Simon and Marie, parents of two young children, are the two main belligerents. Him, professor of history of the Israeli-Palestinian conflict. She, on the other hand, is constantly at full throttle, an ultra-frontal fighter, host of a feminist radio show that is making waves. Suffice to say that electricity emerges from this Hawksian couple, worked against a backdrop of Jewish catastrophism.

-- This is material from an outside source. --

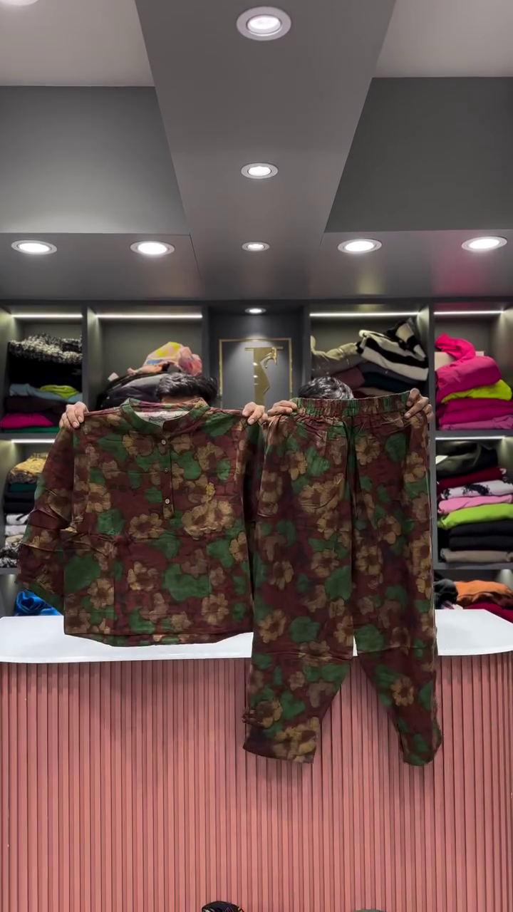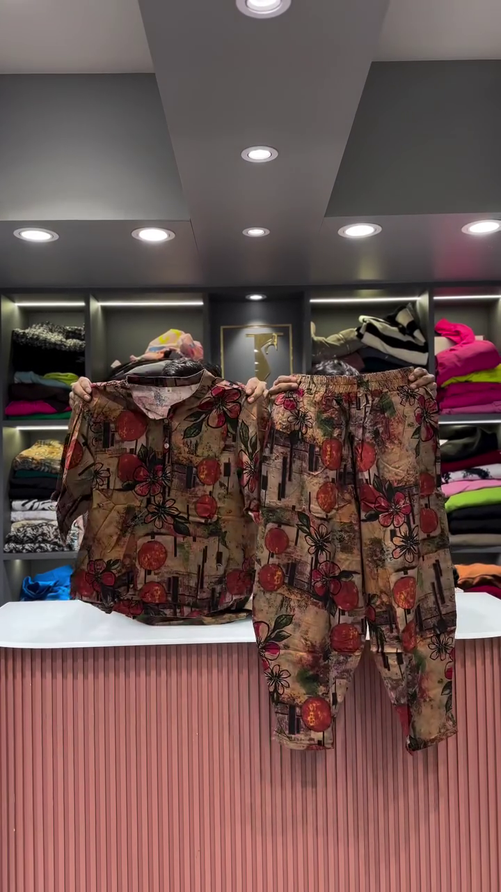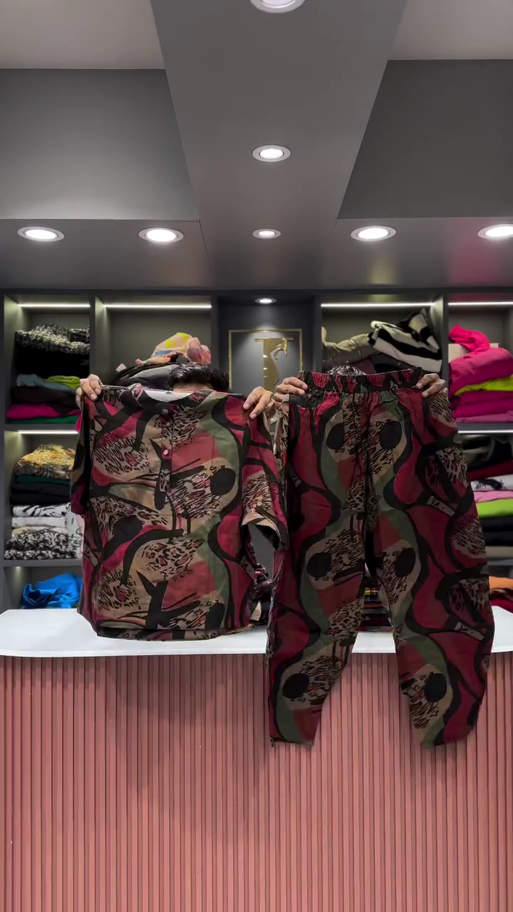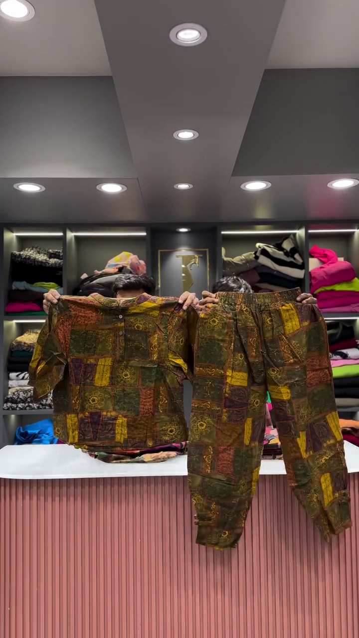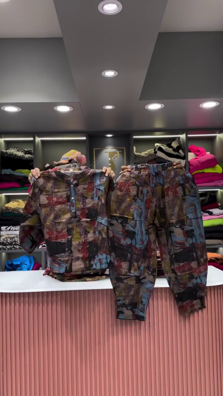 This image showcases a vibrant and eye-catching two-piece outfit, presented for a clear view by two individuals against a modern retail backdrop. The ensemble is a celebration of color and pattern, featuring an intricate abstract patchwork print that covers both the top and the pants. This design gives the outfit a unique, artistic, and bohemian feel, setting it apart as a true statement piece.

The layout of this ordinary hell is stylized, transforming almost every place into a strategic site with an accompanying battle scene. Trivial chaos of the marital apartment. Driven red of the radio. Extreme psychodramatic tension of the mother’s house (Ariane Ascaride as a former leftist and kibbutznik) where the unconscious seriously relaxes, occasionally overflowing in a faecal debacle. J. Ma.

French film by Ilan Klipper. With Damien Bonnard, Camille Chamoux, Sabrina Seyvecou, ​​Sofiane Khammes, Ariane Ascaride, Jeanne Balibar, Quentin Dolmaire (1h32).

“Marcel the seashell (with his shoes)”: the clam animation

In the category of independent and countercultural American animation, Dean Fleischer-Camp delivers with Marcel the shell (with his shoes) a melodrama with crisp freshness, endowed with a soft poetry and a surrealist inspiration, a breath of fresh air created between real shots and 3D animation. Its main character, the said Marcel, is a small periwinkle-type shell, whose shell presented horizontally constitutes the head, encrusted at the right end with a gigantic eye with a soft green rim.